Organizacja WWF wystosowała do prezentera list otwarty. Jak donosi portal Wirtualnemedia.pl są oni oburzeni, że Kuba Wojewódzki użył do wystroju swojego studia skórę tygrysa oraz że promuje posiadanie trofeów w postaci martwych zwierząt.

Oto fragmenty listu:

To wysoce niestosowne, żeby osoba, która jest nie tylko postacią publiczną, ale również idolem dla wielu milionów Polaków, promowała dekorację wykonaną z jednego z najbardziej zagrożonych, a jednocześnie majestatycznych gatunków na świecie (…) Apelujemy, by ograniczał Pan promowanie „jaguara\”, \”pumy\” i innych majestatycznych, dzikich kotów, jak również wszystkich zagrożonych wyginięciem zwierząt do produktów, które przejęły ich nazwę. Ewentualnie polecamy dekorację zastępczą w postaci zdjęć tych zwierząt w przyrodzie.
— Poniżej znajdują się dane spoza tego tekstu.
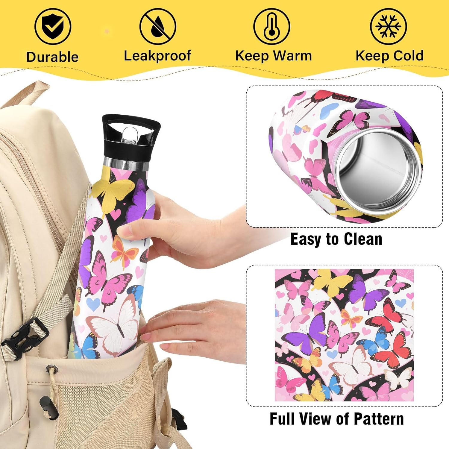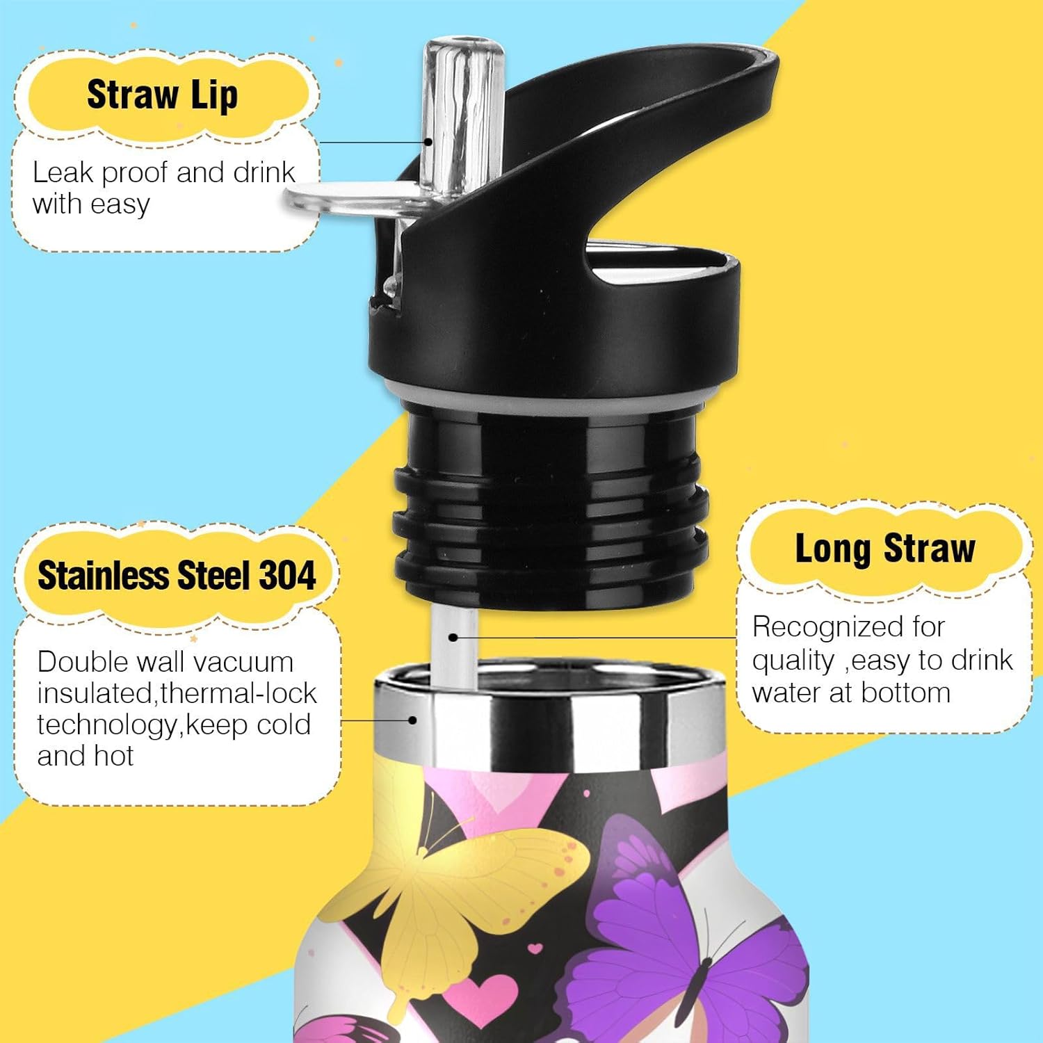 Isolamento premium: questa borraccia riutilizzabile presenta una struttura sottovuoto a doppia parete. Lo strato esterno in acciaio inox per uso alimentare e il rivestimento interno con uno strato termoisolante e blocco sottovuoto offrono una grande ritenzione di calore e freddo. Dite addio alle bevande tiepide! Coperchio 2 in 1: i due coperchi possono essere cambiati in qualsiasi momento: la cannuccia per sorseggiare facilmente o un coperchio girevole per una rapida idratazione. Design del coperchio: l'esclusiva valvola di rilascio dell'aria consente un flusso regolare durante le corse intense, senza scomode inclinazioni o rischi di soffocamento. Ideale per le pause di idratazione durante le lezioni Grande capacità: con una bottiglia d'acqua di grande capacità da 590 ml, questa borraccia in metallo per bambini è perfetta per rimanere idratati durante lunghi allenamenti o attività all'aperto. Questa borraccia in metallo per bambini è ideale per attività all'aperto, palestra, lavoro o uso domestico. Portalo con te ovunque tu vada e rimani idratato tutto il giorno.

Wierzymy, że zdarzenie to miało miejsce w wyniku Pańskiej niewiedzy, dotąd był Pan bowiem powszechnie uważany za osobę świadomą ekologicznie (czemu dał Pan dowód m.in. wspierając akcję na rzecz ochrony Doliny Rospudy)

Takie słowa skierował do dziennikarza dyrektor WWF w Polsce Ireneusz Chojnacki. Wojewódzki obiecał poprawę.